At one point, the intercepts included a discussion by Israeli officials who expressed concern that the embassy was bugged. Silverstein, who said he first met Liebowitz in 2008, did not elaborate.

As an attorney with dual citizenship, the 40-year-old Liebowitz, the grandson of the late Israeli philosopher Yeshayahu Liebowitz, spent years defending Hamas and Hizbullah operatives in Israel. The circumstances of the FBI hiring an Israeli national for national security operations were not disclosed in the prosecution of Liebowitz, now completing his term in a federal halfway house in Maryland. Liebowitz was also said to have worked for the State Department and the Defense Department as a Hebrew linguist.

Silverstein said Liebowitz, charged under the Espionage Act of 1917, leaked the FBI transcripts because the latter was angered by Israeli lobbying in Washington. Liebowitz, whose sentence was regarded as light for an Israeli convicted of relaying classified information, was said to have been concerned that Israeli officials were persuading Congress that Iran's nuclear facilities should be attacked.

"I think he [Liebowitz] chose me because he knew something about me and trusted my political instincts," Silverstein said in interviews with U.S. news Web sites.

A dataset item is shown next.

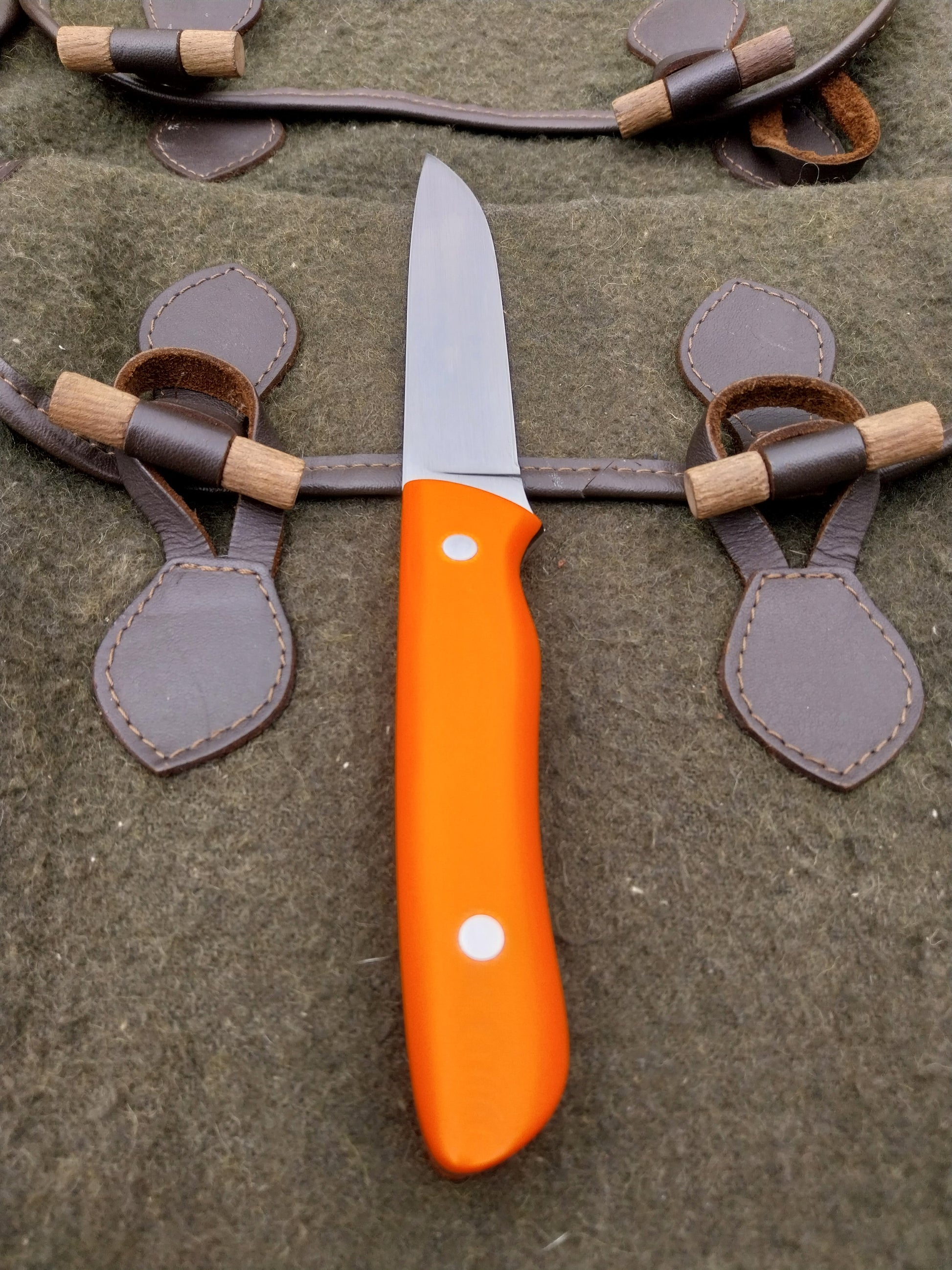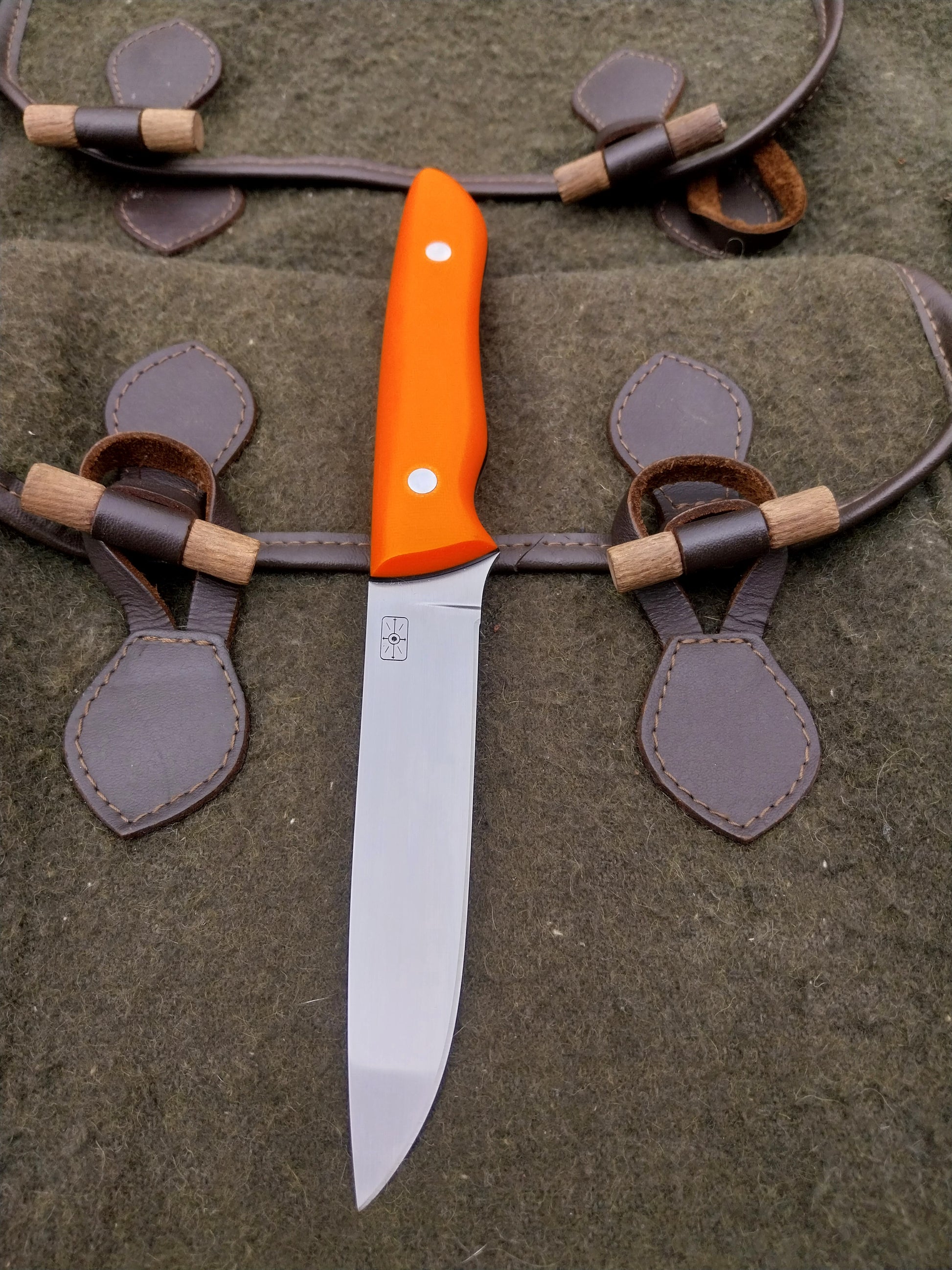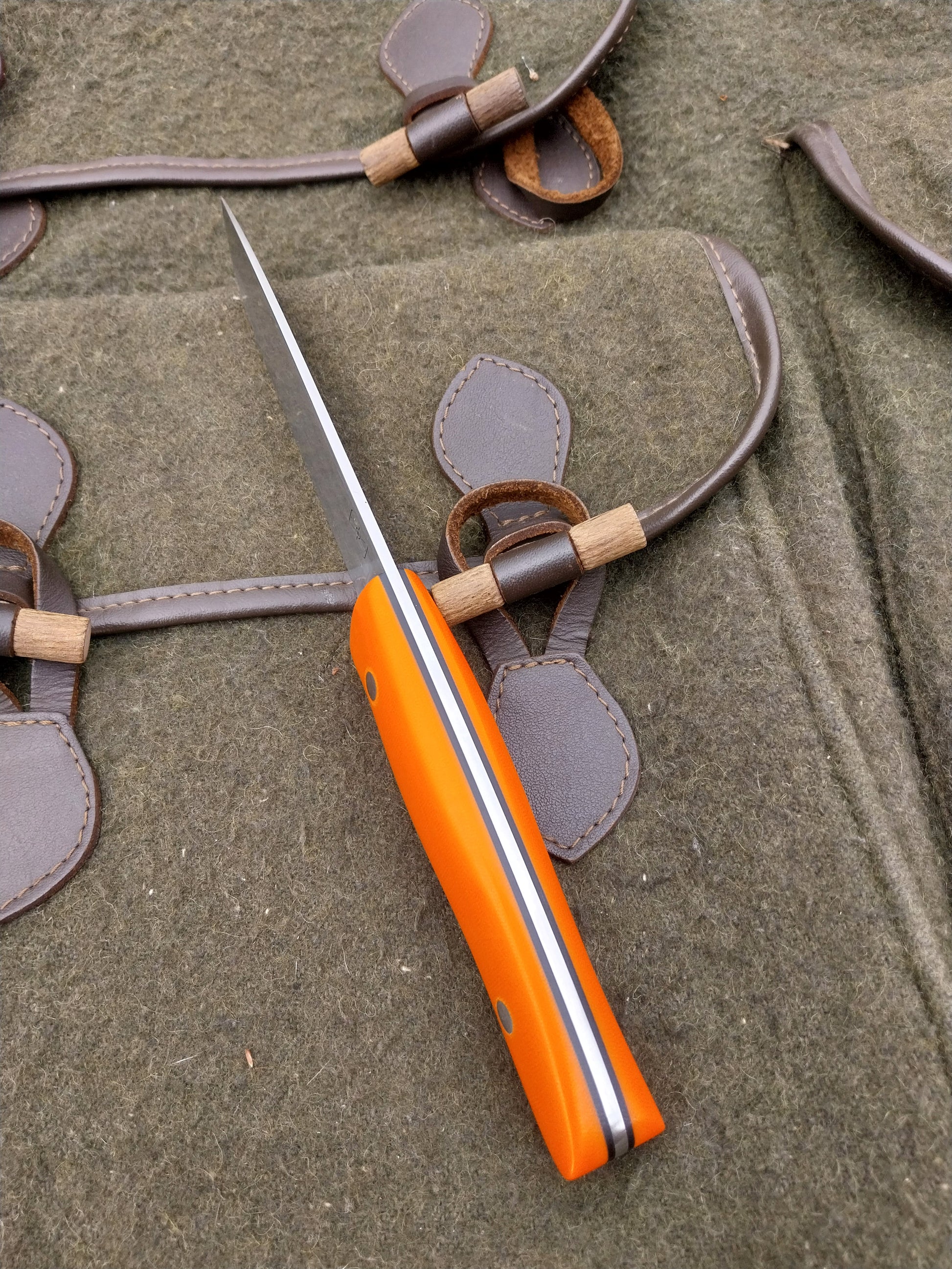 This Fallow Stalker knife has been fitted with Orange G10 scales that have been set with black G10 liners.

The FBI has refused to discuss its employment of Liebowitz, who held top-secret clearance and worked under contract in the agency's office in Calverton, Md. from January to August 2009. But analysts said he was probably working for the FBI's Operational Technology Division, which intercepts telephone, fax and e-mails from such countries as China, France, Israel and Russia, deemed the leading targets of U.S. intelligence.